*** EXTRACTED INFORMATION

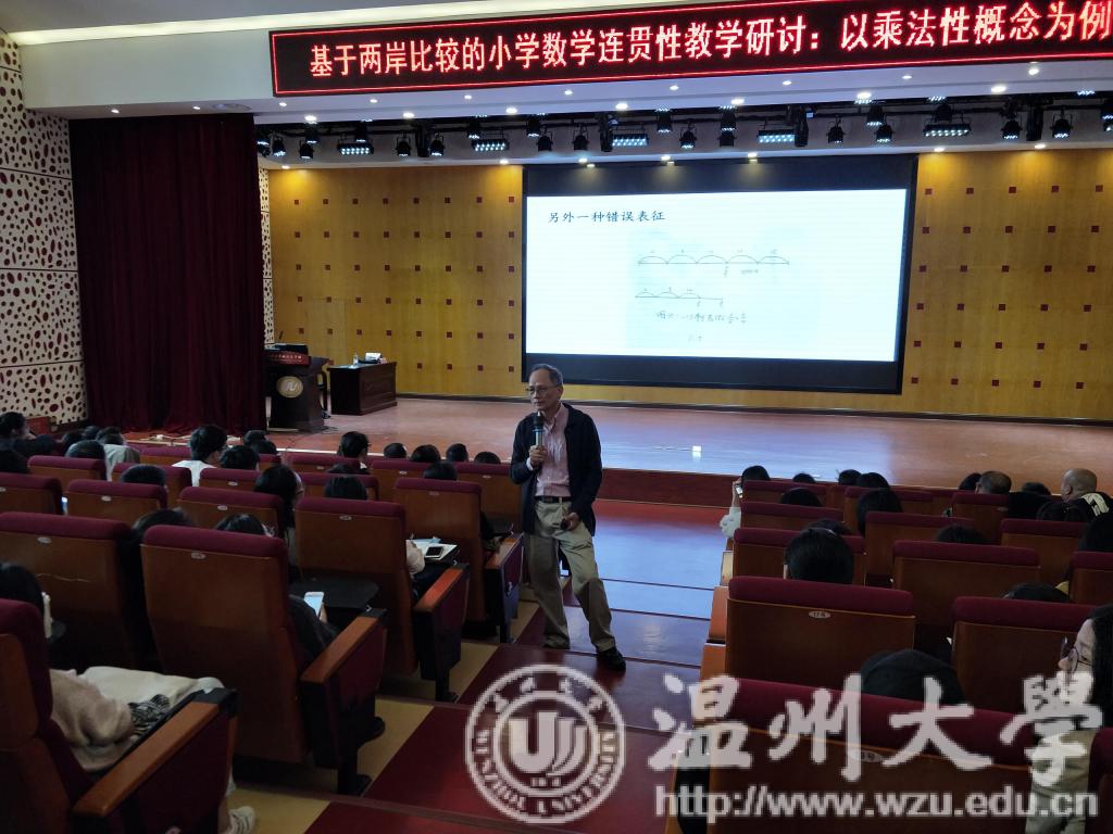 10月24日下午,台湾国立嘉义大学刘祥通教授在温州大学附属小学报告厅就《基于儿童思维,拓展学生数学能力》这一议题开设讲座。本次讲座为基于两岸比较的小学数学连贯性教学探讨的一个环节。温州大学17级小教系的全体同学聆听了本次讲座。
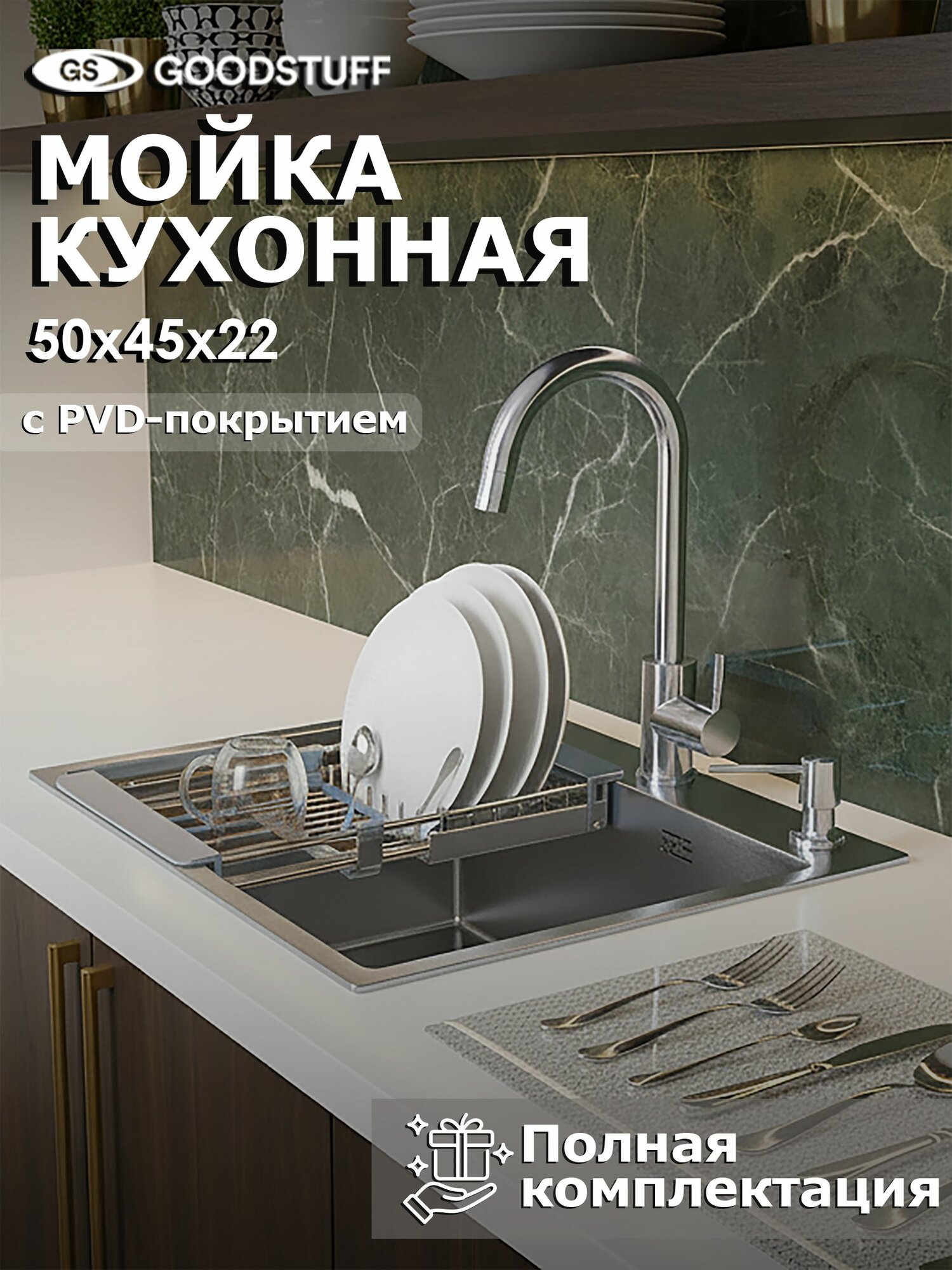 Мойка для кухни нержавеющая GoodStuff 50х45, сатин. Раковина для кухни: сравнение цен, характеристики, фото, актуальное наличие и цены.
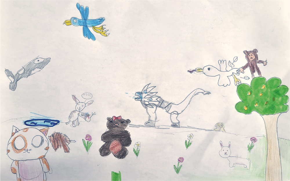 Oi, CHC! Nas aulas de português realizamos algumas leituras de textos publicados pela revista e a que chamou mais a nossa atenção foi o texto Os bichos se divertem, publicado na CHC 345. Nós gostamos e achamos muito interessante, pois amamos os animais. Com a leitura, aprendemos mais sobre eles e suas brincadeiras. Fizemos um desenho sobre o tema e esperamos que gostem. Abraços!
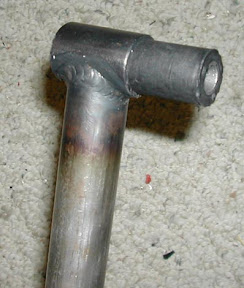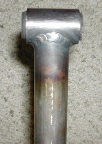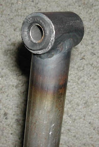 The trailing arm bushings are from a Triumph Spitfire as recommended by the book. The bushings measure 13/16" OD, 1.4" long and they take a 3/8" bolt. The bushing can be press-fit into commonly available 1"OD tubing with a .095" wall thickness.
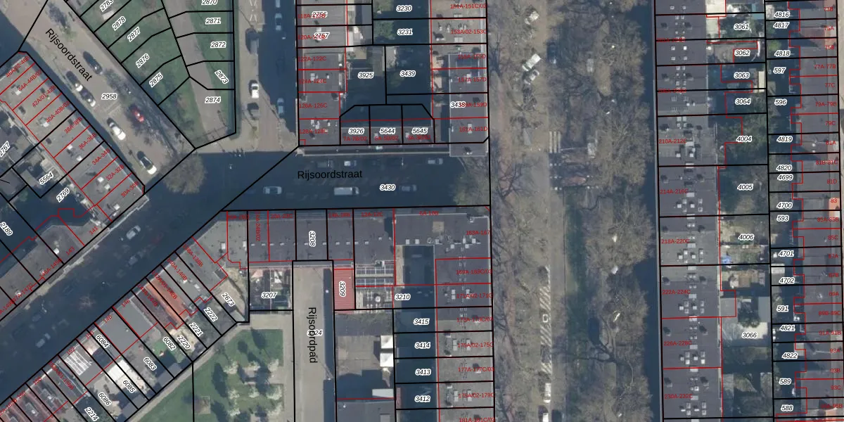 Rijsoordstraat 8-A-02 is gelegen op kadastraal perceel CLS00G3210. Deze kadastrale aanduiding is uniek en wordt gebruikt door het Kadaster om eigendomsrechten en andere zakelijke rechten vast te leggen. Het perceel maakt onderdeel uit van de kadastrale gemeente Charlois.
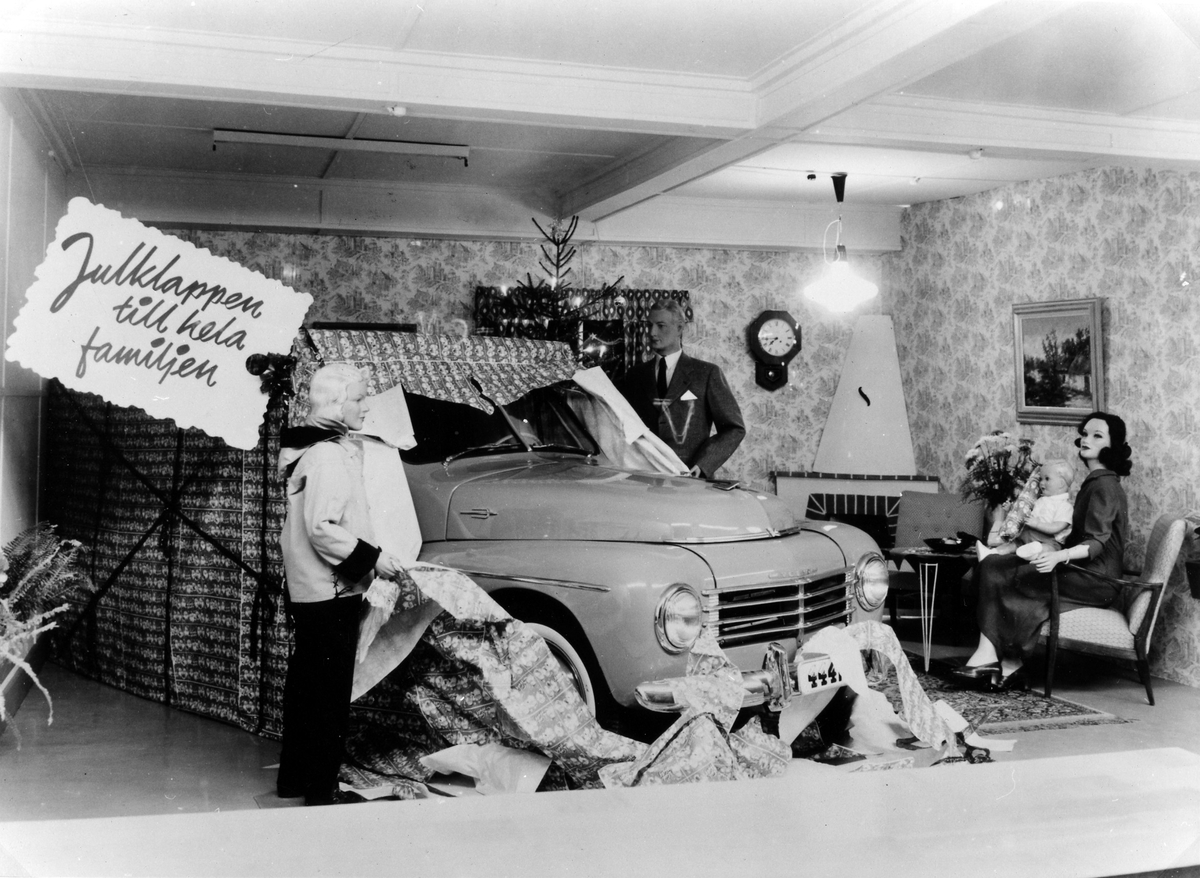 Alingsås Bil- och motorverkstads julskyltning i en, troligtvis hyrd lokal, i kv. Storken 5, ca 1955. Skyltodockor i en tidstypisk hemmamiljö, kvinna i fåtölj med barn i knäet, man som öppnat ett stort paket med inslagen volvobil och pojke som nyfiket tittar på från andra sidan.
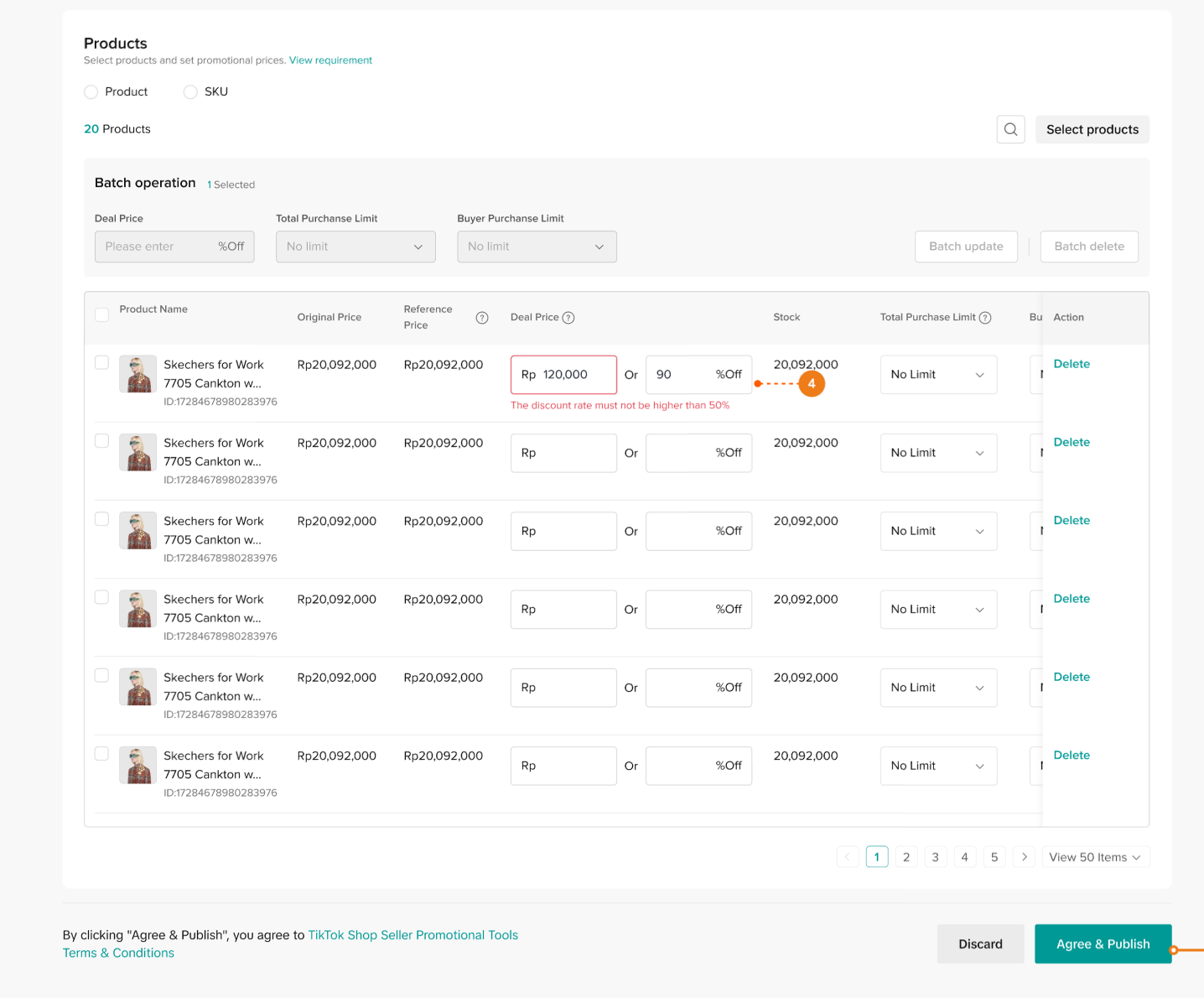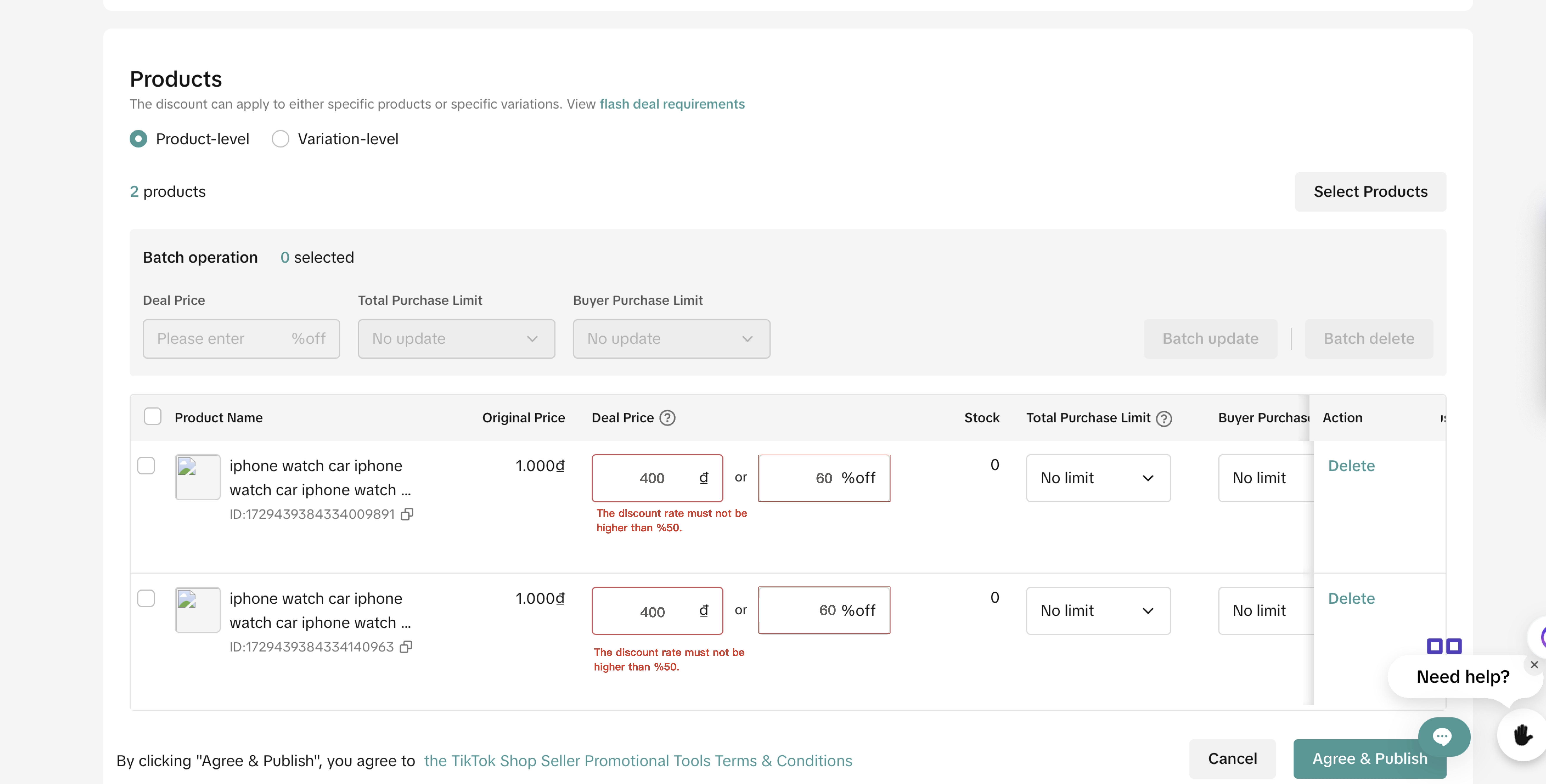 | 错误消息:最小折扣或最大折扣 | 提示警告信息:卖家仍能成功创建 |

******

| PROBLEM TO WORK ON |
Exclude every picture, then return precisely the lines that run from the line containing "Alingsås Bil- och" through the end of the entries above.

| RESPONSE AREA |
 Alingsås Bil- och motorverkstads julskyltning i en, troligtvis hyrd lokal, i kv. Storken 5, ca 1955. Skyltodockor i en tidstypisk hemmamiljö, kvinna i fåtölj med barn i knäet, man som öppnat ett stort paket med inslagen volvobil och pojke som nyfiket tittar på från andra sidan.
 | 错误消息:最小折扣或最大折扣 | 提示警告信息:卖家仍能成功创建 |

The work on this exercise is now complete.